The bill’s sponsor, Rep. Eleni Kavros DeGraw of Avon, framed the intent straightforwardly: she said the legislation is designed to prevent homeless individuals from being placed in warehouse facilities with dangerous or unsanitary conditions.

But the bill’s potential applications are wider. If enacted, it could effectively require public notice before U.S. Immigration and Customs Enforcement opens a detention facility in Connecticut, following a pattern seen in other states where ICE converted warehouse space into detention centers with little or no community input. DeGraw did not frame the bill as an immigration measure, but the connection was not lost on those watching the hearing.

Hospitals push back on provider tax

Hospital executives testified Wednesday against Governor Lamont’s proposed changes to the hospital provider tax. Lamont’s budget called for a $100 million increase to the existing tax, which itself represented a significant retreat from an earlier proposal to raise the tax by $375 million.

Even with that concession, and even accounting for $40 million in supplemental payments the state would return to hospitals, the hospital industry says the math still doesn’t work. Executives testified that Connecticut hospitals already lose $1.5 billion annually providing care to patients on Medicaid and other state programs, and that additional tax burden would deepen financial strain across the system.

The provider tax has been a recurring point of conflict between the Lamont administration and hospital executives.

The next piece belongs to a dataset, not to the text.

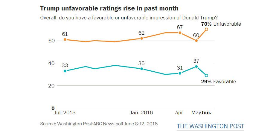 The poll finds 70 percent of Americans have an unfavorable view of Trump, including a 56 percent majority who feel this way "strongly." Negative ratings of Trump are up 10 percentage points from last month to their highest point since he announced his candidacy last summer, nearly reaching the level seen before his campaign began (71 percent). The survey was conducted Wednesday through Sunday among a random national sample of U.S. adults, coming after last week's primary contests, but with the large majority of interviews completed before Sunday's massacre at an Orlando club.

The governor’s office has argued that hospitals can absorb some additional contribution given their nonprofit status and revenue levels. Hospital representatives say that framing ignores the structural losses they carry each year.

These four debates share a common thread: they each reflect a Connecticut government trying to respond to real pressures, from housing costs to public safety to immigration enforcement, with tools that are either contested, limited, or both.